• How to complete this task
Return the stretch from the line with "Zapatillas deportivas de" through the line with "リラクシングビーズソファM+ソファカバー 2点セット ホワイト&グレー" in the data below, character for character, skipping all pictures.

• Given data
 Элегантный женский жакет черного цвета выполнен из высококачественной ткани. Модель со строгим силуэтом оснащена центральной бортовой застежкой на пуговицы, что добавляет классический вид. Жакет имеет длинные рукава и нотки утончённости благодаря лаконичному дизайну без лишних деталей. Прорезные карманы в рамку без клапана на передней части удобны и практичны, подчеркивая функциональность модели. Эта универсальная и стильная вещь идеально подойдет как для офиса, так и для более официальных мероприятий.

...

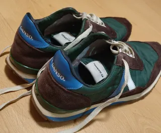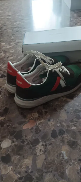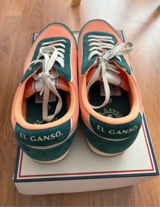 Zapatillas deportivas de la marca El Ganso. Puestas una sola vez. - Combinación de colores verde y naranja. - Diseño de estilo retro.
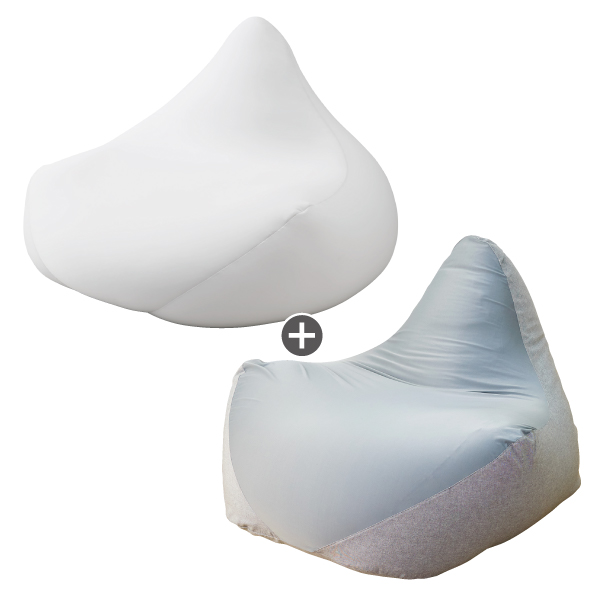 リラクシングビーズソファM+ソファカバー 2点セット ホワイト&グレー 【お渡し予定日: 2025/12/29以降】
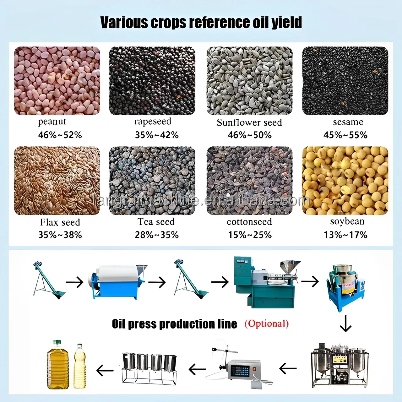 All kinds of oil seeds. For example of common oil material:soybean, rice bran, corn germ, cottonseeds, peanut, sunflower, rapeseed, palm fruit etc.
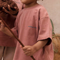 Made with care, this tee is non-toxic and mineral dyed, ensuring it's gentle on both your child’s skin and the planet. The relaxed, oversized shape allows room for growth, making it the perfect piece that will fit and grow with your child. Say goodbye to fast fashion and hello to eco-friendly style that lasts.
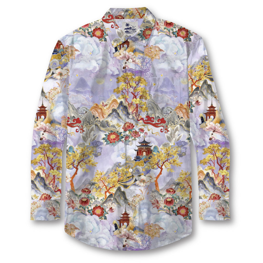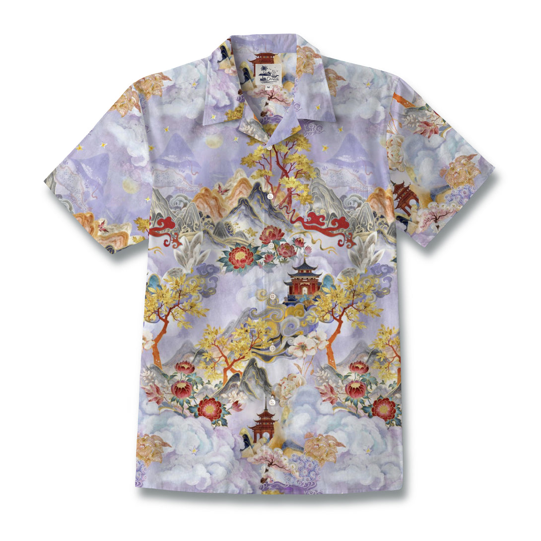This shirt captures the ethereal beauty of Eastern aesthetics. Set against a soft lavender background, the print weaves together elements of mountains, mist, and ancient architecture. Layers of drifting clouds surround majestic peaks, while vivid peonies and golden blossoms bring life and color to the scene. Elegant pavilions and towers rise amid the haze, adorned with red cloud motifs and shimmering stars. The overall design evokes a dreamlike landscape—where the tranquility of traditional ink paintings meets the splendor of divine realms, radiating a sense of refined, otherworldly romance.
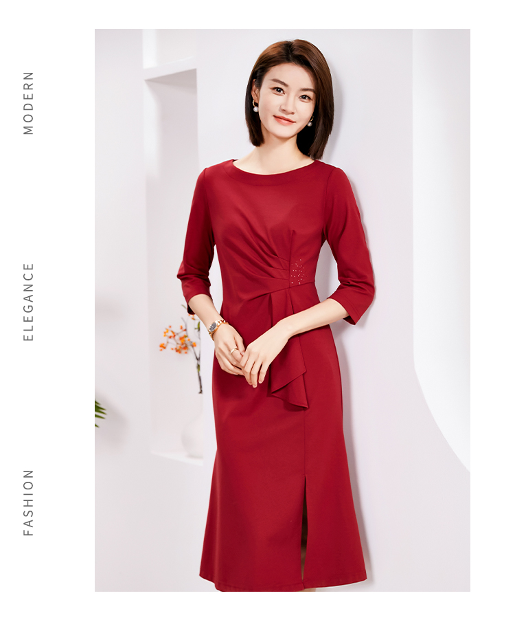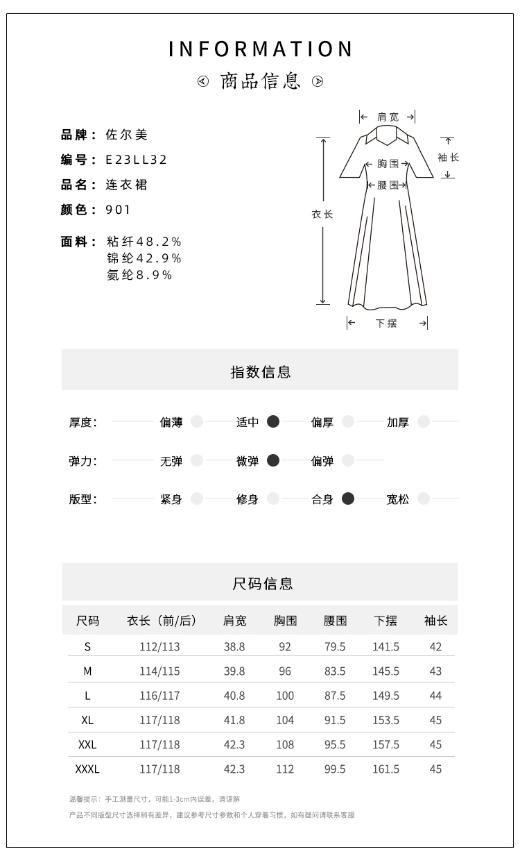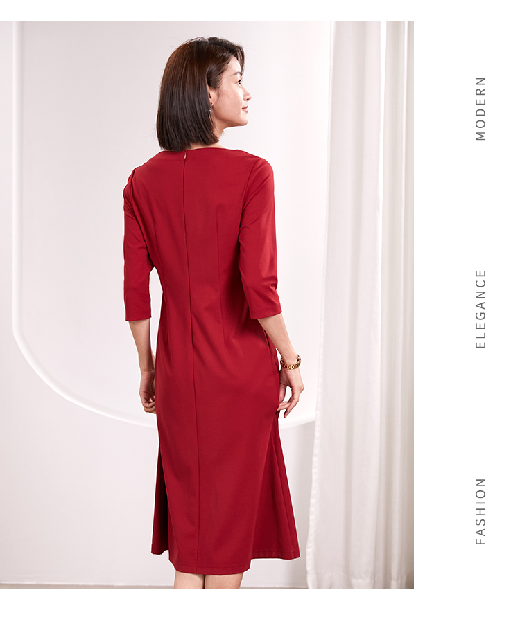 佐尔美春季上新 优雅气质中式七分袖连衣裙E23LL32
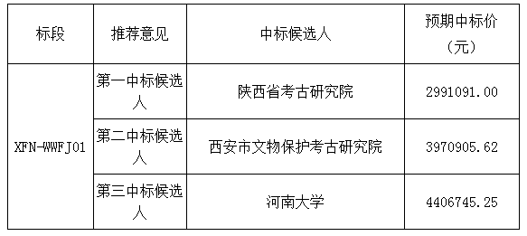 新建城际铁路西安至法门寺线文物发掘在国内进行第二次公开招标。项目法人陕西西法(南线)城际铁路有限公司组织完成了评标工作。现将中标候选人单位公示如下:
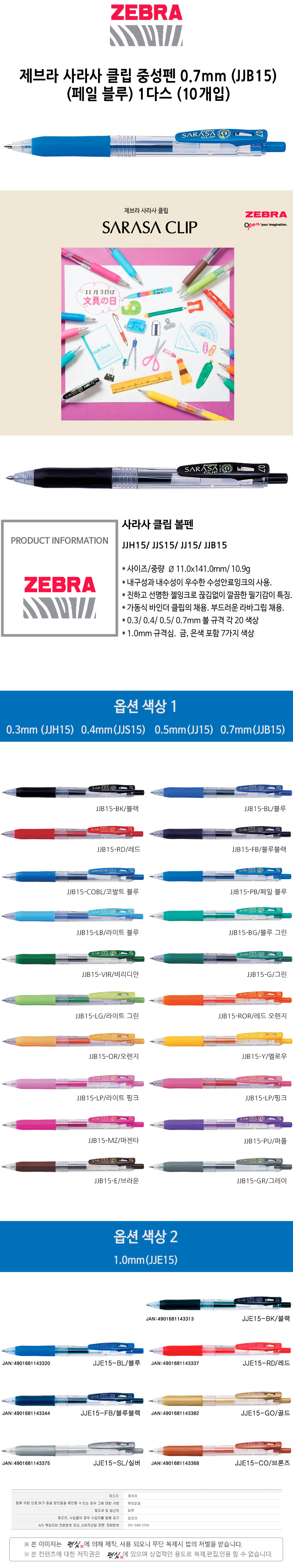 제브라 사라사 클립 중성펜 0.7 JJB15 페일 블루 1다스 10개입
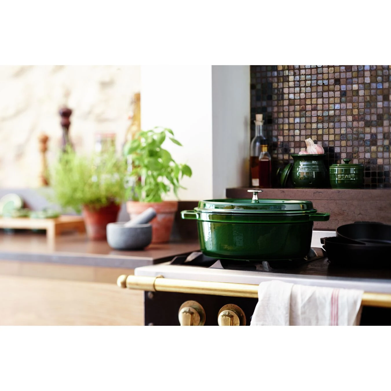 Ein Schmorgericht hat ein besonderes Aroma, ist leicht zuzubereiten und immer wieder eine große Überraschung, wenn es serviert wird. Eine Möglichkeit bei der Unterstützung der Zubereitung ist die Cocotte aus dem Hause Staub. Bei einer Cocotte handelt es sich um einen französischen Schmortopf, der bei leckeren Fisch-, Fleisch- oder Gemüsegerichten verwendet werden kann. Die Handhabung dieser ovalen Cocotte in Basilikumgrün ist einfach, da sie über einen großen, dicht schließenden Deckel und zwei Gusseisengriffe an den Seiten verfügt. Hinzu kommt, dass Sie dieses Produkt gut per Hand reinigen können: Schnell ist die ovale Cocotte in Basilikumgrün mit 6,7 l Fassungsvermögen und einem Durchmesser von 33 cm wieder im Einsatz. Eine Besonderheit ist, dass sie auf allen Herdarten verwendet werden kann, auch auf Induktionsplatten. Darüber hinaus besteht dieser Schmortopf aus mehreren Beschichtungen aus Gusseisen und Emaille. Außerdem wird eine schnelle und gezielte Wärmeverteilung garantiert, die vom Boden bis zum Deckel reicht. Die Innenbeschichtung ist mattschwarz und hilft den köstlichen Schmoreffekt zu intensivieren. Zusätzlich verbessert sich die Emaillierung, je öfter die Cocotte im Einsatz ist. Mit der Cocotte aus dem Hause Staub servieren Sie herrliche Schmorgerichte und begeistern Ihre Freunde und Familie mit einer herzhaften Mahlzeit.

* * *

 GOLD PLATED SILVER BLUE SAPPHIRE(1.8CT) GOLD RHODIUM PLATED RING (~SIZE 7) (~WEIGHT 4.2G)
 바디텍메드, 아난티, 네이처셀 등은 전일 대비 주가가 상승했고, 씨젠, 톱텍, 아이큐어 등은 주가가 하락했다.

• Final answer
 Zapatillas deportivas de la marca El Ganso. Puestas una sola vez. - Combinación de colores verde y naranja. - Diseño de estilo retro.
 リラクシングビーズソファM+ソファカバー 2点セット ホワイト&グレー 【お渡し予定日: 2025/12/29以降】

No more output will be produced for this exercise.